Gaining fine control over DNA structure could lead the way to tiny tools and devices

US scientists have demonstrated a nanoconstruction approach that allows the creation of self-assembling DNA ’origami’ folded in an array of different shapes, from bent rods to toothed gears. The researchers say their work opens up new possibilities for engineering nanoscale tools and devices.

In nature, DNA adopts many different forms but gaining precise control over its shape in synthetic systems has proved challenging. The new study, led by Hendrik Dietz, now at Technische Universit?t M?nchen  in Germany,  shows that targeted changes to the base code can be used to finely tune the twist and curvature of a bundle of DNA helices.
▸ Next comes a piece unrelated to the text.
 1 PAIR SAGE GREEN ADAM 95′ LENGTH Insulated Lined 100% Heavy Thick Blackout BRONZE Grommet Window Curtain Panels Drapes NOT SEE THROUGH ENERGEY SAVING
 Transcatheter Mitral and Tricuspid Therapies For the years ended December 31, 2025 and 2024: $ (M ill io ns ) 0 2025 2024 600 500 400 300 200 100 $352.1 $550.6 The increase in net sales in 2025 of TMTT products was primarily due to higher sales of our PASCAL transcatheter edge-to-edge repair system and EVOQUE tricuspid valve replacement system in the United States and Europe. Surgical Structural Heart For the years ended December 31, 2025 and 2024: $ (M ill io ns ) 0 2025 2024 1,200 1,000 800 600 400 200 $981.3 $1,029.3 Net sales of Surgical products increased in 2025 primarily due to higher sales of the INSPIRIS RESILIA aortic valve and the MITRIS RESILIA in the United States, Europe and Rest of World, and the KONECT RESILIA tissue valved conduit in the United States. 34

Importantly, says co-author William Shih of Harvard University, the advance allows scientists to produce continuously curved structures as opposed to kinked structures. ’I think, with a little bit of imagination, having control over curvature is actually a fundamental advance in nanofabrication capability,’ he says. ’Imagine if you had a world where you could only build with straight elements - you would not be able to make a wheel. A more subtle point is that it’s very challenging to maintain rigidity over a kink, which is often a weak point.’

The team’s strategy is based on DNA bundles being divided into blocks of regular lengths by crosslinks between the helices - ’staples’. The staples constrain the shape of the bundles so that systematically inserting or deleting bases causes the DNA to twist and bend. As Shih explains, the net effect of adding or removing material is expanding or contracting, the result being that the whole structure bends to accommodate the change.


Source: © Science

The team were able to form many different shapes, including a DNA-origami bundle bent into a circle with toothed gears

According to Paul Rothemund, who studies DNA nanostructures at the California Institute of Technology, the approach is so unexpectedly simple that it could have been worked out in a high school maths class. ’I thought that it would be several years before we reached the mastery achieved here and that it might require some serious computer modelling,’ he says. ’I think it can now truly be said that we can make any shape that we desire out of DNA.’
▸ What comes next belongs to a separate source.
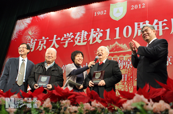 凯发党委书记洪银兴(右一)向2007年度国家最高科学技术奖获得者闵恩泽院士(右二)、2011年度国家最高科学技术奖获得者吴良镛院士(左二)颁发校友杰出贡献奖后,闵恩泽院士发表感言。
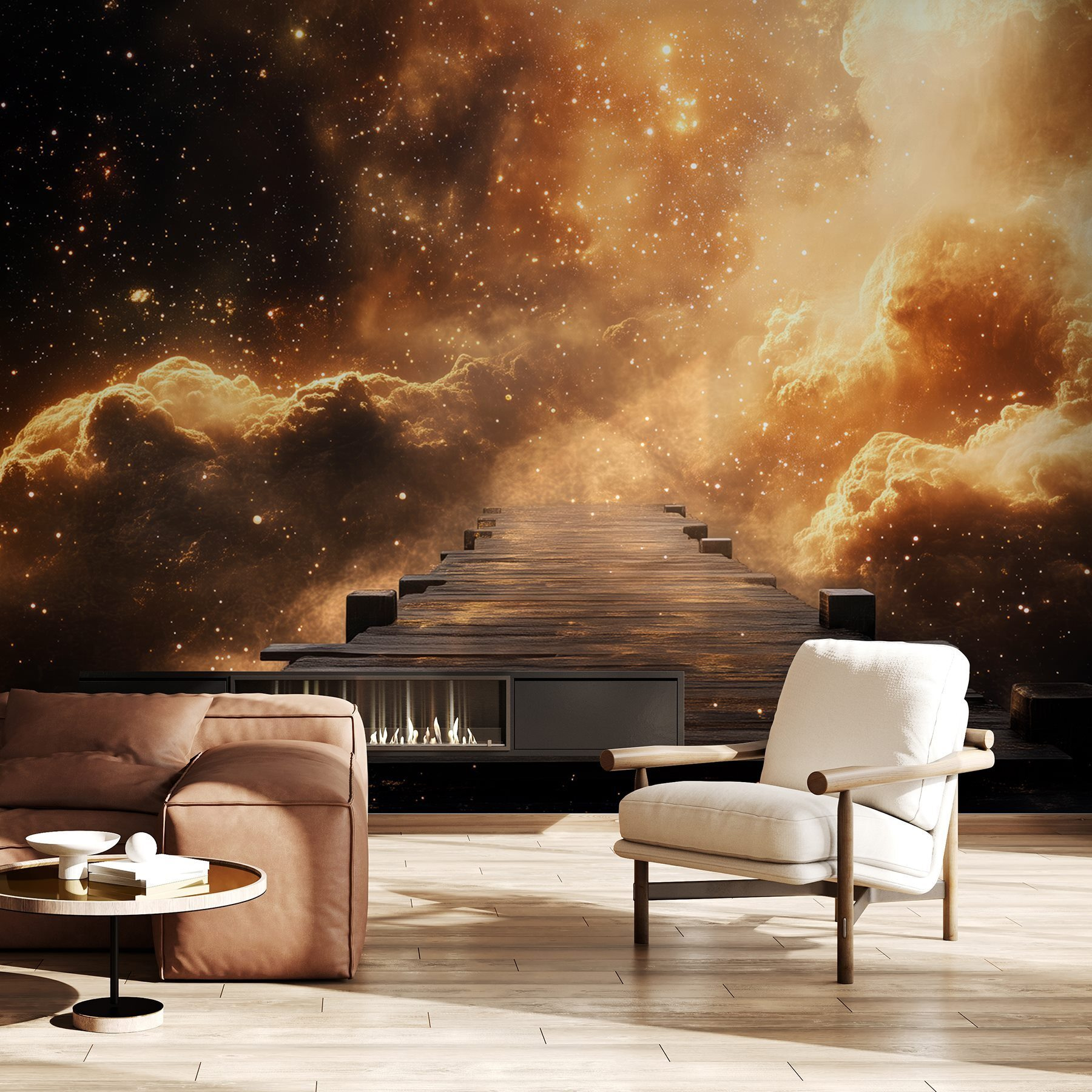 Alakítsd át a teredet a „Felhőkhöz vezető fa híd” faliképpel. Képzeld el, hogy egy kopott fa hídra lépsz, amely mintha egy álomszerű galaxisba vezetne. Ez kalandvágyat ébreszt, olyan érzést kelt, hogy „vajon hova fogok jutni?”. Az élénk színek meleg és hideg tónusokat ötvöznek, varázslatos hátteret teremtve, amely felébreszti a képzeletet. Képzelje el azokat a csendes reggeleket, amikor kávét kortyolgatva a csillagokkal és felhőkkel tarkított eget bámulja – tiszta boldogság. Tökéletes a kreativitás felébresztéséhez vagy egyszerűen csak álmodozáshoz. Ez a falikép könnyed eleganciával rendelkezik, és egy kis fantasztikumot csempész az otthonába. Ki ne szeretne néha elmenekülni a felhők közé?

Shih believes that gaining precise control over the structure of DNA will lead to major steps forward in the development of custom instruments for biology and biophysics. ’We’re designing tools on the nanoscale and an advantage of that is you can use self-assembly and make lots of them, whereas with optical traps or atomic force microscopy you’re basically stuck with one at a time,’ he says.

Hao Yan, a bio-nanotechnology specialist at Arizona State University, says the level of quantitative control over twisting and bending is impressive. He thinks Shih’s work could serve as a standard for creating new types of mechanical DNA and proteins.